Could the U.S. labor market cool?
The labor market has been another issue that has kept the Fed on edge. Although signs indicate that the market is cooling, the Fed still fears overheating. Notably, the economic slowdown was pronounced last month as the unemployment rate increased to 3.9% and annual wage growth slowed to 4.3%.
Nonetheless, employment growth remained strong, with non-farm payrolls expanding by 275,000 jobs. The March forecast anticipates the creation of 198,000 new jobs, an unemployment rate steady at 3.9%, and a slowdown in average hourly wage growth to 4.1% annually.
The data to be released on Friday, April 5 will be preceded by PMI and ISM data. By Monday, April 1 of this week, the manufacturing PMI will be released and on Wednesday, April 3, it will be the turn of services.

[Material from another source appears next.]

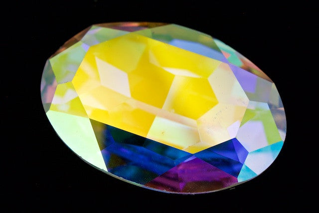 20mm x 30mm crystal faceted cabochon with iridescent coating and foiled faceted back.
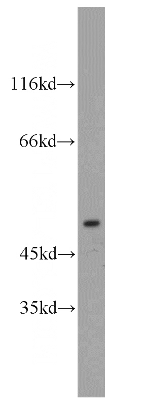 mouse brain tissue were subjected to SDS PAGE followed by western blot with Catalog No:110807(GABRA1 antibody) at dilution of 1:1000

The former is expected to show signs of slight improvement in March, but the latter is expected to show signs of a pullback. On Tuesday, April 2, factory orders and JOLTS job openings will be released, and on Wednesday, April 3, the ADP employment report will be released.

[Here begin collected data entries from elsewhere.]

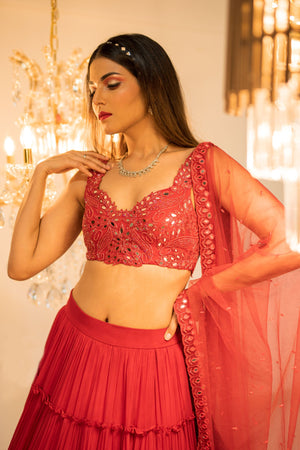 Featuring a Red tiered lehenga in georgette base paired with a matching Hand Embroidered Mirror work blouse and a Net with Mirror work dupatta.
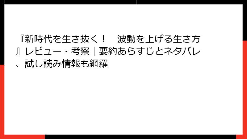 『新時代を生き抜く! 波動を上げる生き方』レビュー大解剖:波動の魅力と隠れた棘
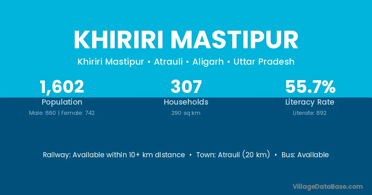 Atrauli (20 km) is the nearest town to Khiriri Mastipur village for major economic activities and is located approximately 20 km away.
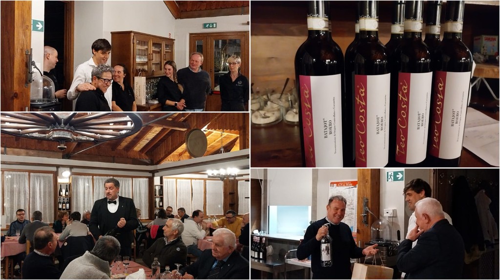 "Questa sera abbiamo assaggiato un Roero, che pochi conoscono, un cento per cento Nebbiolo della raccolta alla sinistra del Tanaro, un Nebbiolo elegante e con colori più brillanti rispetto al Nebbiolo d’Alba- spiega Ferruccio Aliberti, responsabile vendite dell’azienda Teo Costa- Il secondo vino era un Barbera passita, non è un vino dolce, ma con un appassimento in vigna, ottimo con le carni e i formaggi, un nuovo modo di bere questo vitigno Barbera nobile della parte contadina delle Langhe del Roero”.
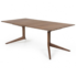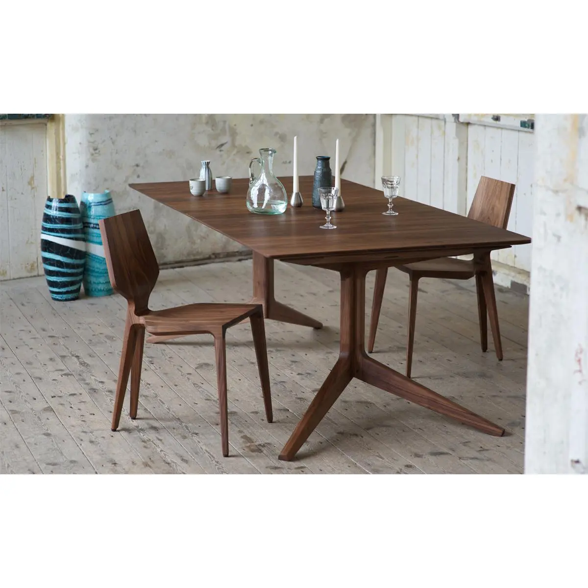 Design Plus Gallery presents a Light Extending Table by De La Esapda. Designed and crafted by Mathew Hilton. Reflecting his interest in the concept of ‘impossible lightness,’ where he tries to create the feeling of greater spaciousness in a room by reducing the visual weight of his furniture. Surprisingly slender, this table features a chamfered edge and a cantilevered leg with complex joinery. Crafted in a walnut, visible discoloration due to sun exposure. Two extensions are original finish, darker shade than table. Minor condition on surface and pedestals.

Should the numbers be positive, and especially if the NFP numbers are better than expected, bets for a rate cut would be countered, which would be a further boost for the dollar.
Eurozone CPI in the spotlight
While the Federal Reserve is worried about inflation being above the 2% target, the European Central Bank (ECB) has fared better. Headline CPI declined to 2.6% in the second month of this year and is expected to continue falling to 2.5% in March. Core CPI, which does not take into account volatile items such as food, tobacco, energy and alcohol, is expected to fall to 3.0%.
Europe’s monetary policymakers have shown in recent days that they are advocating a rate cut for the June meeting. A downside surprise is likely to support such a move, putting pressure on the euro, although stronger-than-expected readings could limit the chances of a June cut.
However, any boost to the euro from stronger numbers is likely to be limited and short-lived, as one month’s data is not seen as a very striking change in expectations when there is a larger consensus within the ECB.
On the data front, continental unemployment rates will be released on Wednesday, April 3, followed by producer prices on Thursday, April 4, and on Friday, April 5, it will be the turn of German industrial orders and industrial production in France.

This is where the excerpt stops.